Мёртвый разлив (Иванов) - страница 13

Первым делом он содрал с плеч жёсткий, сковывающий движения сюртук, затем в сторону полетел обязательный к ношению галстук, смахивающий на собачий ошейник с болтающимся обрывком поводка. Вадим сбрасывал одежду остервенело и сам посмеивался над этим своим ритуалом: нагота – иллюзия свободы!.. Впрочем, голышом и вправду дышалось легче. Чуть погодя он снова одевался, уже в домашнее, свежестиранное. Однако несколько минут в сутки должен был ощутить воздух всей кожей, походить босиком по истёртому паласу, будто это помогало восполнить утерянную за день энергию, черпая из эфира. И ещё принять душ – да! Смыть с себя скверну, раскупорить поры… К счастью, дом был прежней постройки, а в тогдашних кельях ещё устраивались ванные – но вот горячей водой теперь снабжали немногих. Правда, и сам народ со странной готовностью, если не с охотой, отказался от каждодневных омовений, вернувшись к ежесубботним посещениям общественных бань – традиции, освящённой столетиями.

Потом, заслонясь музыкой от посторонних шумов («Нет, это обязательно!»), Вадим опустился на палас и долго сидел в странной позе, убирая с мышц накопленные зажимы, сбрасывая раздражение, избавляясь от мелочных, суетных мыслей, туманивших рассудок, – отстраняясь. Вот и ещё сутки пролетели, а продвинулся ли он хоть на чуть? Господи, как трудно становится любить жизнь!

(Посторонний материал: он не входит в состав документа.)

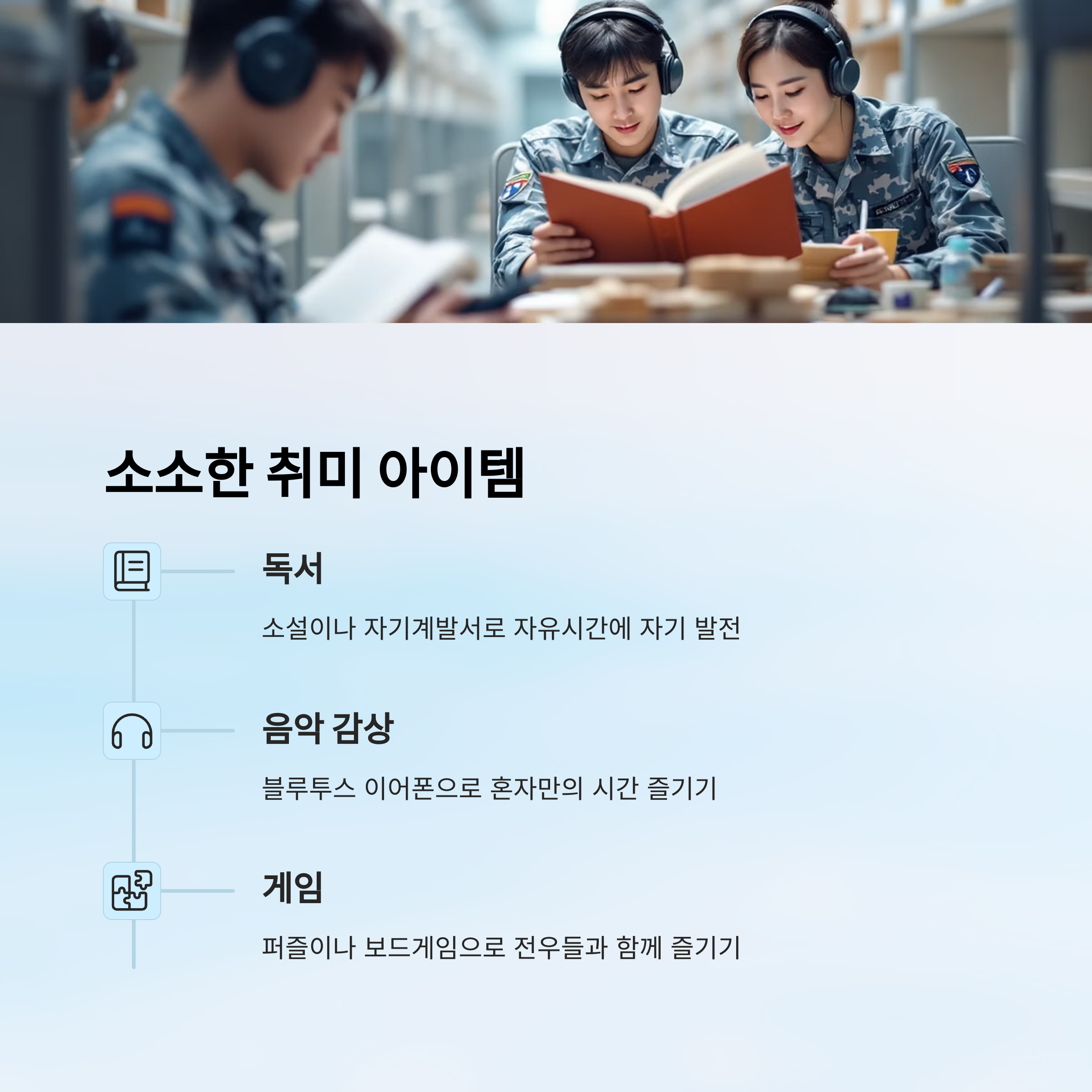군대에서도 소소한 취미를 즐기면서 시간을 보내면 스트레스 해소에 큰 도움이 돼요! 🎵📖
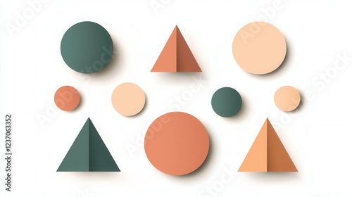 Collection of geometric shapes arranged in a circular pattern on a white background. there are nine shapes in total, each with a different color - green, orange, pink, and light brown.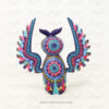 Las figuras de madera (actualmente nombradas tonas y nahuales), son artesanías mexicanas del estado de Oaxaca, seres imaginarios conformados por elementos fisionómicos de animales diferentes, una combinación de varios animales, no solo fantásticos sino también reales que forman un ser alucinante. En cada Alebrije plasmamos nuestro corazón, nuestra historia y la herencia cultural de nuestros ancestros zapotecas, con la única finalidad de brindar piezas únicas.Este Alebrije tiene colores muy pintorescos y llamativos al puro estilo oaxaqueño.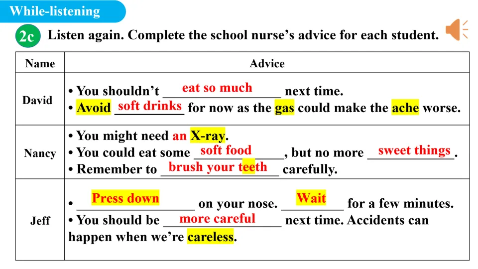 - 再次播放音频,引导学生完成 2c 表格填空,补全不同人物的健康建议。
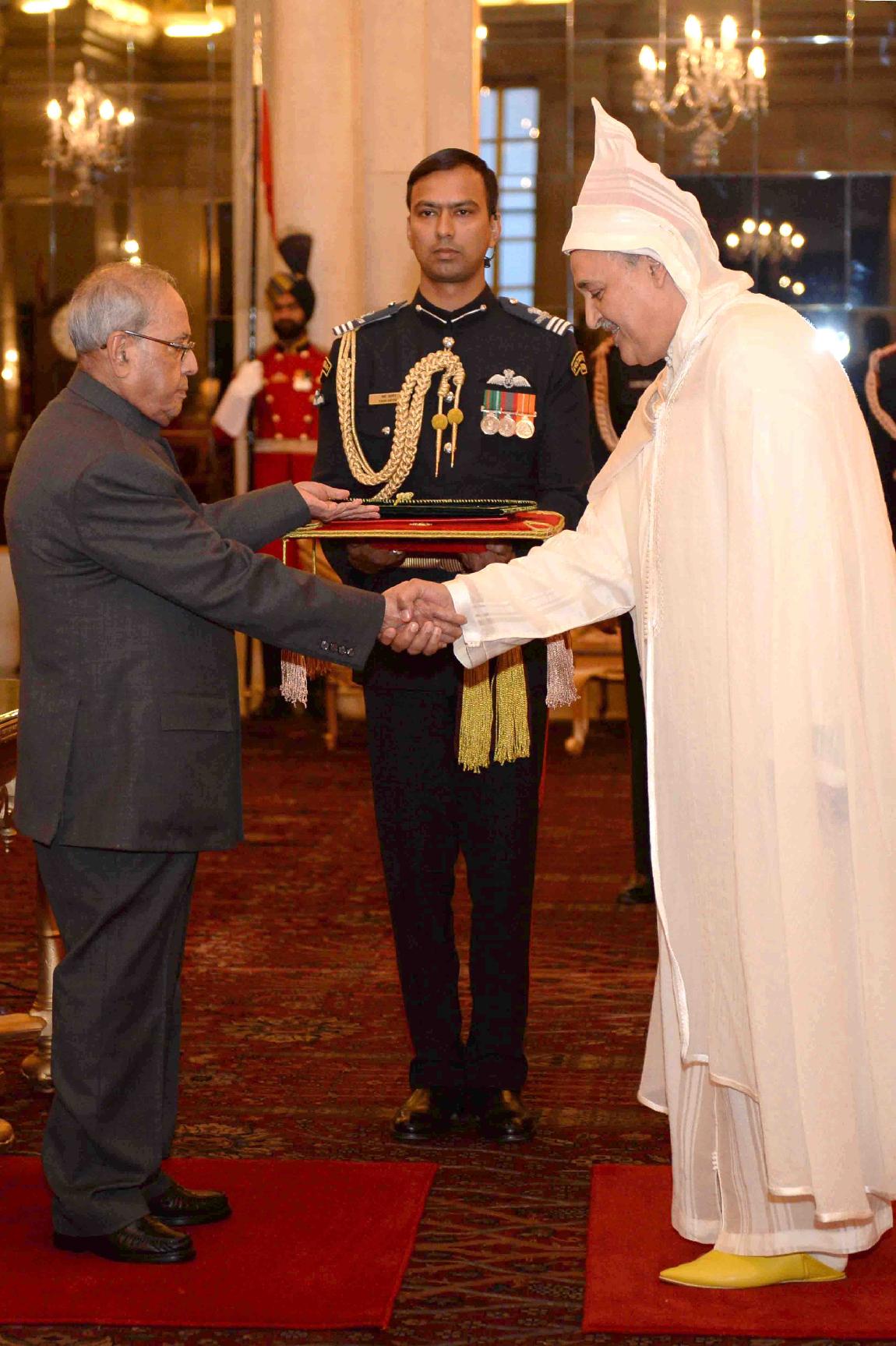 | Caption: | The Ambassador-designate of Morocco, H.E. Mr. Mohamed Maliki presenting his credentials to the President of India, Shri Pranab Mukherjee, at Rashtrapati Bhavan on February 15, 2017. |

Не говоря уже про людей…

Теперь у нормального обывателя возникла бы следующая альтернатива: либо накачаться медовухой, в достатке поставляемой через распределители и, что странно, совершенно безвредной (эйфории хватало до отбоя, ночью выпивохи мертвецки спали, а с утра вновь были как огурчики – до следующего пайка); либо на весь вечер прилипнуть к экрану одноканального тивишника, отоварившись очередной порцией Студийной жвачки. Однако Вадим и от рождения был не вполне нормален, а с возрастом это качество ещё усугубилось. Потому из двух зол он, как всегда, выбрал третье: свои мысли – давно уже не доставлявшие ему ничего, кроме досады. И даже не результатами (если бы!), а их полным отсутствием.

Закрыв глаза, Вадим который раз попробовал из многих разрозненных фактов, копившихся годами, сложить цельную, непротиворечивую картину – однако, как и раньше, не преуспел. Возводимое здание рассыпалось, едва Вадим добирался до середины: неудивительно – при таких-то материалах. А ведь на самом деле оно стоит, и уже не первый год. Либо он разучился думать, что вряд ли, либо слишком много данных сокрыто под поверхностью. И где же их искать?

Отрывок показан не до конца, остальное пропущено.